Heather Mann sits at a table on Haley Concourse on Oct. 13, 2021.
Heather Mann sits at a table on Haley Concourse on Oct. 13, 2021.

October is LGBT History Month, which celebrates the history of LGBT people and civil rights movements. National Coming Out Day was Oct. 11.

For many LGBT people, coming out is a difficult and stressful experience to prepare for, if they even get to make the choice themselves. Coming out requires vulnerability and risks rejection from friends or family. Often, LGBT people come out to those closest to them first.

Heather Mann, who identifies as bisexual, first came out to her friends in high school. Her main worry wasn’t on whether they would reject her, since she had known them for a few years and knew how they felt.

“It was less a matter of worrying what they were going to say and more of a matter of saying it out loud to other people would make it official,” Mann said. “That feeling of once I tell other people out loud in words, then it’s a real thing.”

Mann’s family lives with her deeply religious grandparents. Her grandfather is a pastor at a small Baptist Church. Her father is Catholic and heavily involved in his church. She still hasn’t come out to them but plans to soon.

Growing up in this split household, Mann would spend Sundays listening to her grandfather preach on Sundays and spent Wednesday nights with a youth group at the Catholic Church. In recent years, she said her grandfather’s preaching has become more antagonistic and hostile towards LGBT people.
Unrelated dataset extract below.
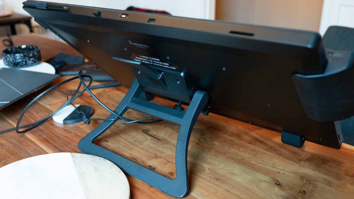 Xencelabs also bundles the display with a tilting stand that gives you plenty of options for using it both mostly upright as a traditional screen, or at a range of different angles comfortable for drawing on a desktop surface. Wacom, by contrast, only includes two integrated kickstand feet with the Cintiq Pro 24, which gives you just one slightly inclined angle for drawing without purchasing additional stand or arm-mounting options.

“It used to be the kind of stuff that if my friends ended up spending the night on Saturday, I would feel perfectly fine inviting them along to church Sunday morning,” she said. “I wouldn’t even try to do that now. Almost every sermon he has turns into the sort of fire and brimstone, ‘Homosexuals are going to hell and abortion is killing all of our precious saints.’”

Mann said she rarely goes go to church anymore. She tells her parents she watches them online, but listening to her grandfather preach on things like homosexuality and damnation has affected her relationship with church as a whole.

“It’s one thing to have a message that you’re bold and passionate about, but when that passion is furious and inconsolable rage over everything that is my life and makes me happy and purposeful — experiencing that every Sunday at my papa’s sermons kind of spoiled the entire Sunday morning service for me,” she said. “The experience of going to church on Sunday mornings and sitting in the pews and listening to someone I love tell his entire congregation that people like me are the reason why our world is going to hell in a handbasket kind of ruined the experience.”

As her grandparents have become more vocally against LGBT people, she said it’s created a lot of distance between them and her. She used to want her grandfather to officiate her wedding, but now she has a girlfriend. If they were to get married, she isn’t even sure she could invite her grandparents.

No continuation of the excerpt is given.